[[ STORED DATA open ]]
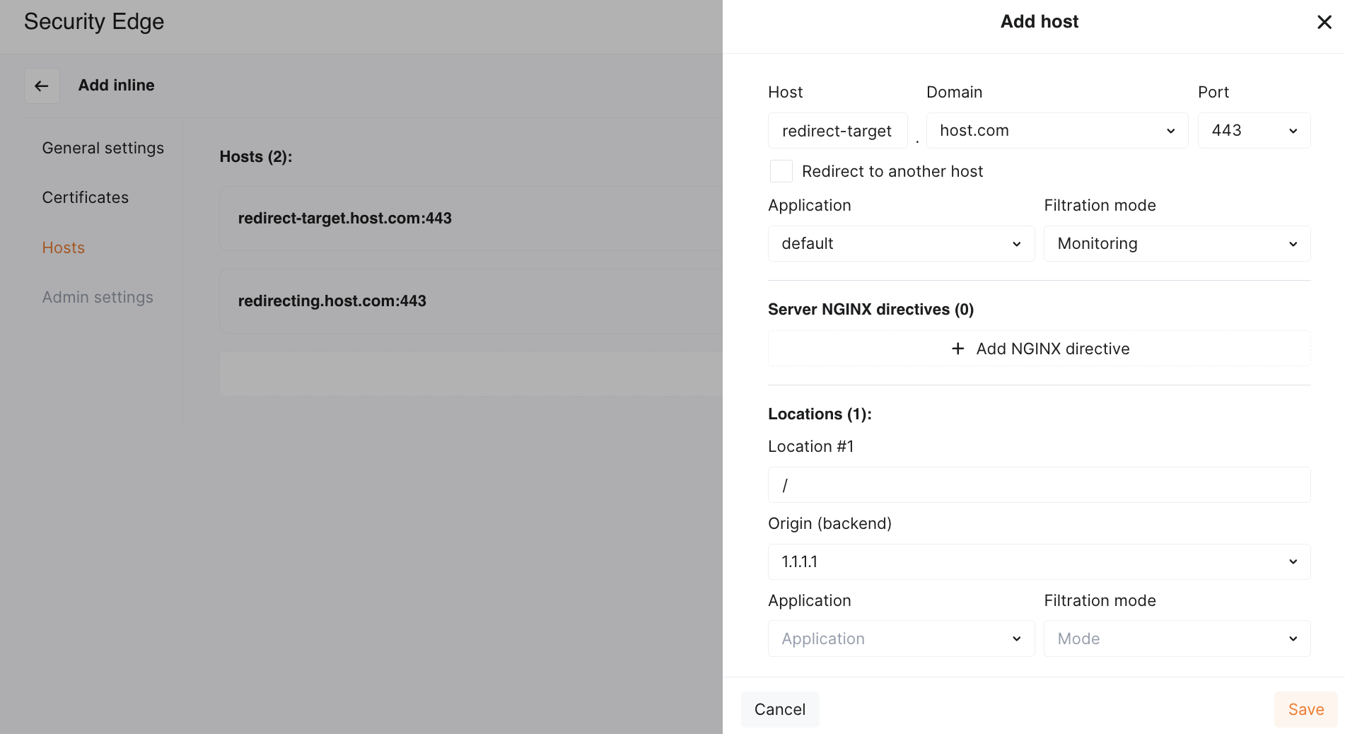 Wallarm Security Edge Inline provides a host redirection feature to help you unify traffic entry points.
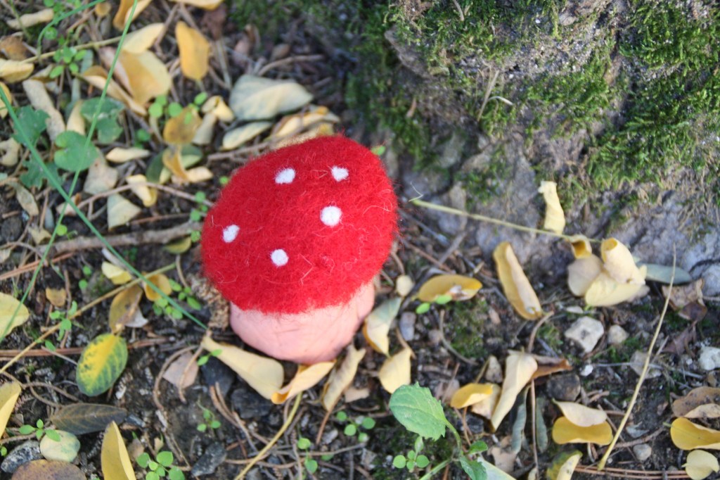 Il est très mignon ce champignon rouge à pois blancs, toxique, mais mignon. Je parle de l’amanite tue-mouche. Alors j’ai voulu en faire un pour notre décoration d’automne.
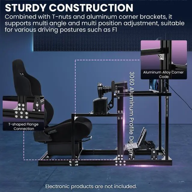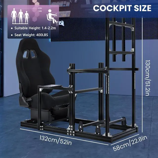 More Stable StructureThe cockpit of this racing simulator is made of solid aluminum profile, with increased support bars make the entire simulation racing device more stable, support more powerful force feedback, can bring you a better gaming experience
[[ STORED DATA closed ]]
TASK DESCRIPTION ->
Would you write out the data exactly, with no pictures in the copy?

SOLUTION TO THIS PROBLEM ->
 Wallarm Security Edge Inline provides a host redirection feature to help you unify traffic entry points.
 Il est très mignon ce champignon rouge à pois blancs, toxique, mais mignon. Je parle de l’amanite tue-mouche. Alors j’ai voulu en faire un pour notre décoration d’automne.
 More Stable StructureThe cockpit of this racing simulator is made of solid aluminum profile, with increased support bars make the entire simulation racing device more stable, support more powerful force feedback, can bring you a better gaming experience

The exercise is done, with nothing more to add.